- Recorded data

────────────────────

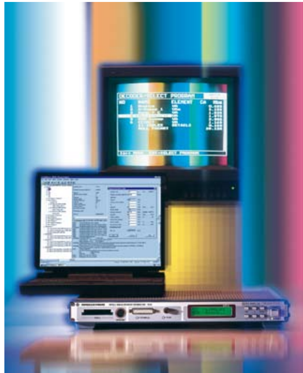
Generation of application-specific transport streams with the optional R&S® DV-ASC Advanced Stream Combiner® PC software

The transport streams include of course all program information and system tables as stipulated by the ATSC or DVB standard. The "Stream Libraries" data sheet (PD 5213.7202.32) offers a detailed overview of supplied and additionally available transport streams.
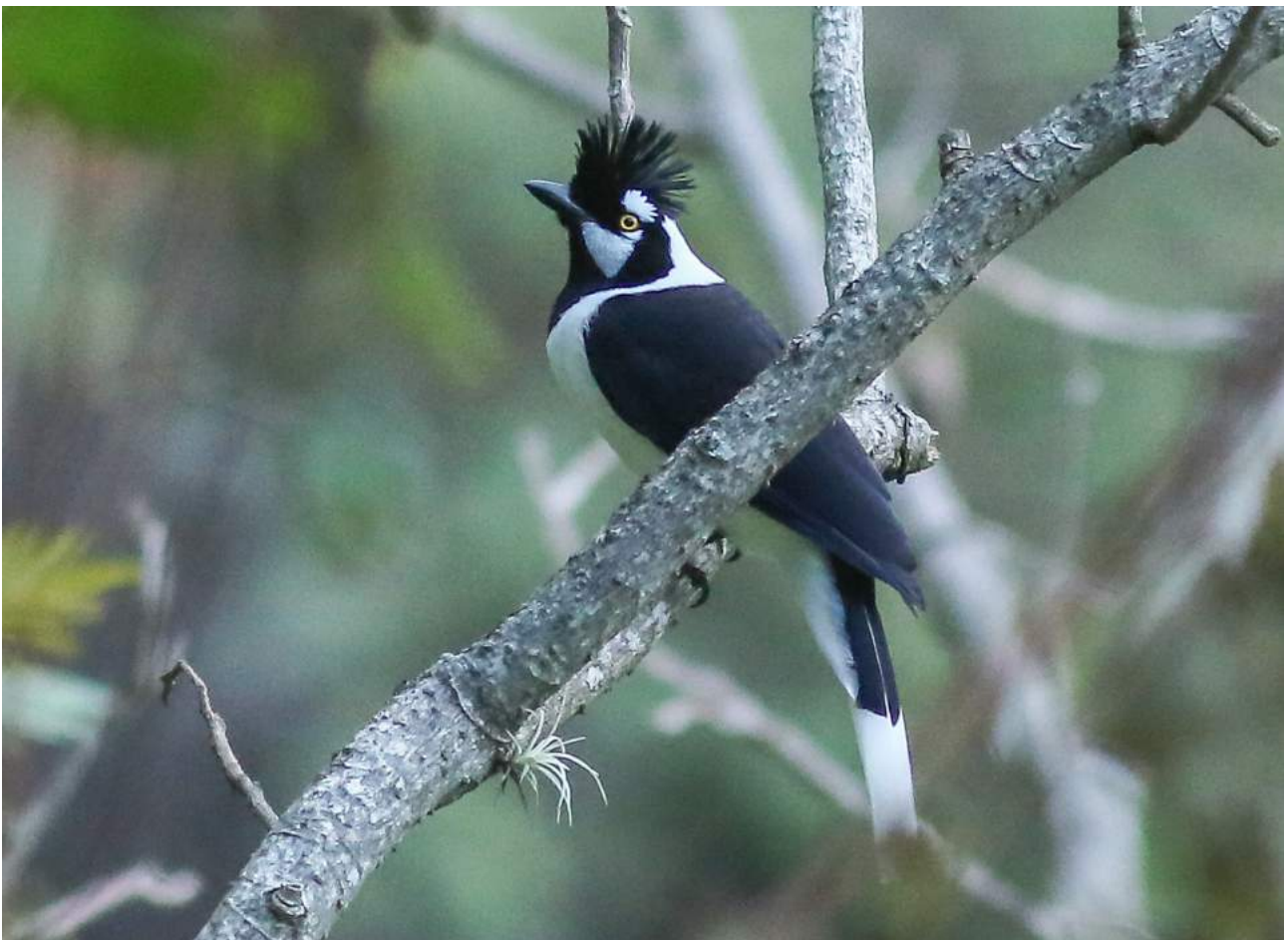
Tufted Jay Cyanocorax dickeyi

────────────────────

- How to complete this task
Write every line above out again exactly; pictures do not belong in the copy.

- Finished task
Generation of application-specific transport streams with the optional R&S® DV-ASC Advanced Stream Combiner® PC software

The transport streams include of course all program information and system tables as stipulated by the ATSC or DVB standard. The "Stream Libraries" data sheet (PD 5213.7202.32) offers a detailed overview of supplied and additionally available transport streams.
Tufted Jay Cyanocorax dickeyi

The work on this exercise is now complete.